Social or tangible reinforcers are necessary when the natural reinforcers do not produce the behavior we need. A social reinforcer can be defined as any consequence, verbal, or symptom provided by one person to another that increases the frequency of the others person’s behavior. An example of a social reinforcer is a trophy. Tangible reinforcers should never be presented without some accompanying social reinforcer. Three examples of tangle reinforcers are food, gift certificates, and clothes.
When the behavior has been increased by reinforcement, failure to get reinforcement, over time, causes the behavior to return to its previously unreinforced level. This phenomenon is referred to as extinction. An example of extinction occurs when a person puts money in a vending machine and the machine does not dispense the item. If the person tries again eventually the person will learn that the machine will not dispense the desired item. Ignoring the behavior is an effective method of decreasing the behavior.

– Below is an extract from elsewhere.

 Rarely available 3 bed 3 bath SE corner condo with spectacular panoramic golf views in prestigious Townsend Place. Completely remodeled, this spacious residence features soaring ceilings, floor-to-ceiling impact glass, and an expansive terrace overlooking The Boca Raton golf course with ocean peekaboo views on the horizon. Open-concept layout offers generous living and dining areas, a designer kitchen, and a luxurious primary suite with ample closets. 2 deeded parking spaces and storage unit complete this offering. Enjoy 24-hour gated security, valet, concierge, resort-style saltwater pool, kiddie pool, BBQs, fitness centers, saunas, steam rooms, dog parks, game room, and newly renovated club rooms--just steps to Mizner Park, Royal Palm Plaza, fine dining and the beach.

A frequent problem in many workplaces is that productive behavior is ignored. The managers spend their time-solving problems caused by their bad employees and forget to provide positive reinforcement to their good workers. Extinction occurs even if the managers do not plan for it. When new procedures are implanted the workers need to forget the old methods. No one is ready for change when they are getting adequate reinforcement for what they are already doing. A characteristic of extinction is that reinforcement is withdrawn from previously reinforced behavior; the behavior will often increase in frequency.

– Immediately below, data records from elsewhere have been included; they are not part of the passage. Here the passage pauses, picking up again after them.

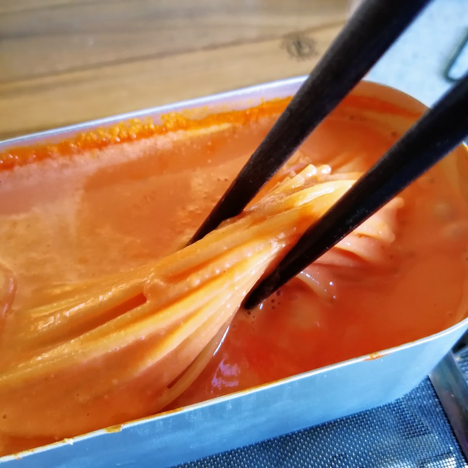 パスタが茹で上がるまでは、メスティンの底に焦げ付くことがないように、たまにかき混ぜてください。
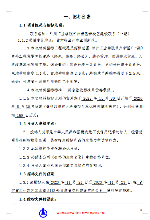蘭州工業(yè)學(xué)院蘭州新區(qū)新校區(qū)建設(shè)項(xiàng)目(一期)--材料招標(biāo)公告
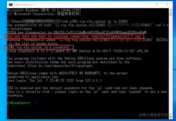 此时,我们就能使用固定的SSH隧道,访问到位于内网的树莓派。
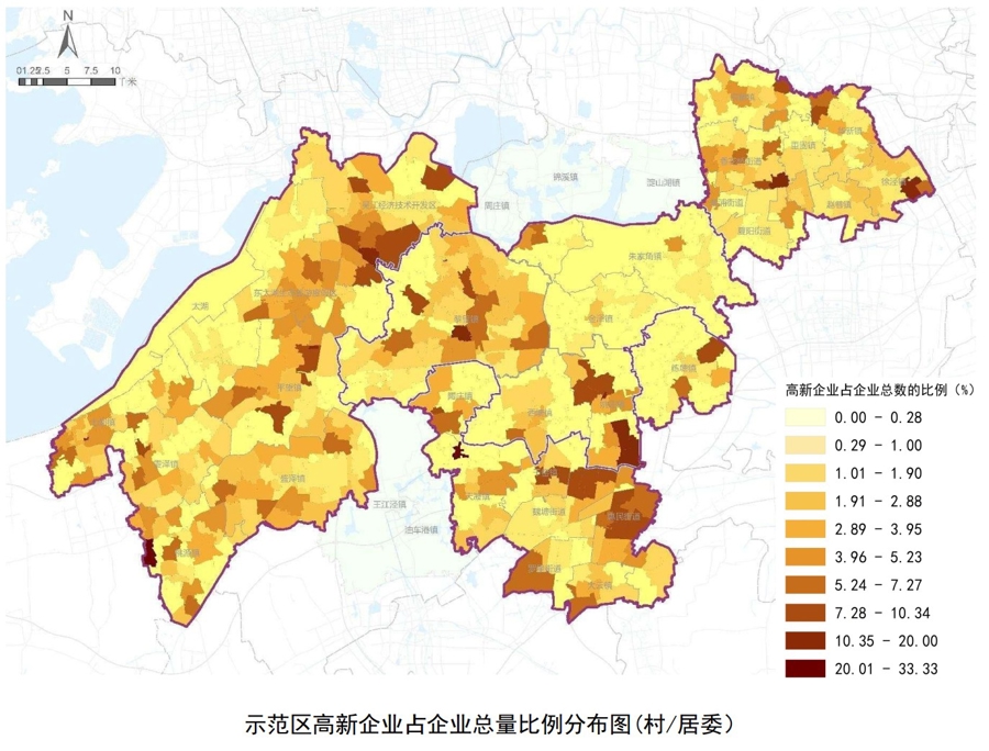“减量”之后,如何发展?示范区给出答案:以“好风景”促进“新经济”。2024年,示范区高新技术企业总数达到3606750家,较规划基期年增加1520664家;研究与试验发展(R&D)投入强度达到4.16%,较规划基期年提高0.56个百分点,高于沪苏浙平均水平,领先全国平均水平;专利授权量2.14万件,较规划基期年增长45%。
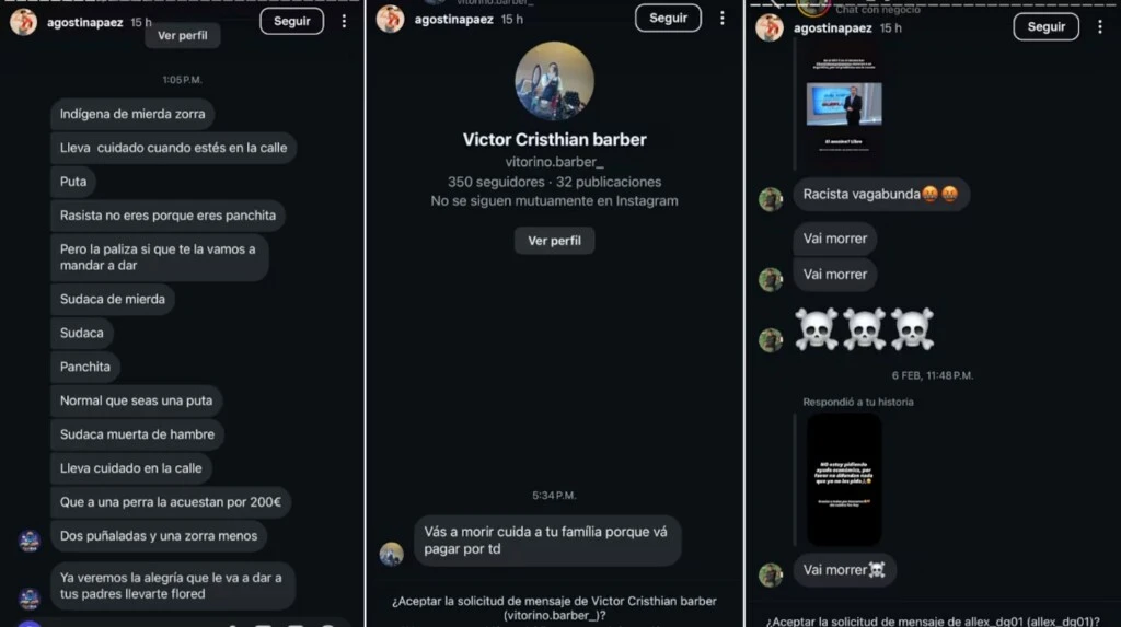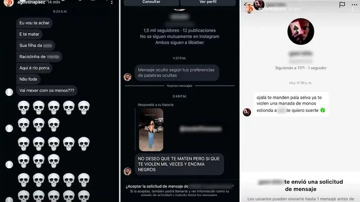 Páez utilizó su cuenta de Instagram para visibilizar el nivel de odio al que es sometida, compartiendo capturas de pantalla con intimidaciones de extrema gravedad provenientes de usuarios tanto brasileños como argentinos.
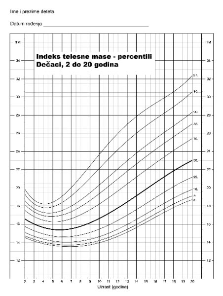 Grafikon 2. Indeks telesne mase (percentili) kod dečaka uzrasta od 2-20 godina
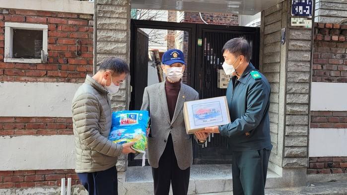 경기 수원시 장안구 조원1동은 최근 6.25 참전용사 3가구를 방문해 위문품을 전달하고 안부를 확인했다. 김근태 조원1동장과 김재선 동대장은 감사 인사와 함께 육군 51사단에서 전한 연말 위문품과 동에서 준비한 백미 등을 전달했다. 사진은 관계자들이 참전용사에게 위문품을 전달하고 있는 모습. (사진제공=장안구청)
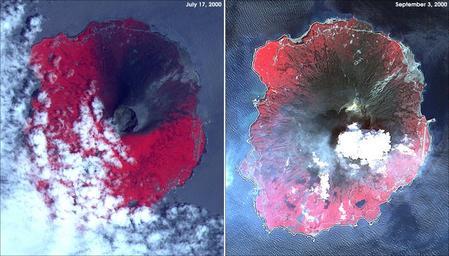 | Keywords: High Resolution View of Mount Oyama , Image of the Day DVIDS763133.jpg en Eruptions of Mount Oyama progressively covered the volcano's slopes with more and more ash over the last half of 2000 This pair of images from the Advanced Spaceborne Thermal Emission and Reflection Radiometer ASTER shows the volcano on July 17 2000 left and September 3 2000 right The false-color images combine infrared red and green light as red blue and green colors respectively Ash is dark gray vegetation appears red and water is blue-gray In the image from September 3 steam is being vented from the volcano's caldera The volcano has again been venting steam ash and large amounts of sulfur dioxide an estimated 20 to 50 kilotons per day in February 2001 /Newsroom/NewImages/images php3 img_id 4702 See this previous SeaWiFS image of Miyakajima Scientists believe most of the emitted sulfur dioxide is from degassing magma within the volcano The 8-km-wide 5-mile island is actually a low-angle stratovolcano rising some 818 meters 2 686 feet up out of the Pacific Ocean about 240 km 150 miles south of Okinawa and 320 km 200 miles east of Taiwan Many now refer to the island as Miyakejima and the volcano's summit as Mount Oyama NASA Identifier aster_oyama_ash 2011-06-25 Glenn Research Center https //www dvidshub net/image/763133 763133 2012-10-19 19 11 Mount Oyama ja 雄山 Miyake-jima JP PD-USGov Miyakejima Images from DoD uploaded by Fæ |

Three additional characteristics of extinction are emotional behavior, habit breakdown, and resurgence. Resurgence describes a phenomenon where behavior that has, undergone extinction will, after a period of not occurring, start again out of the blue. Extinction occurs when an employee's working environment is abruptly changed. Downsizing is an example of this phenomenon. Some behaviors take longer to extinguish than others. Extinction relates to the number of reinforced responses.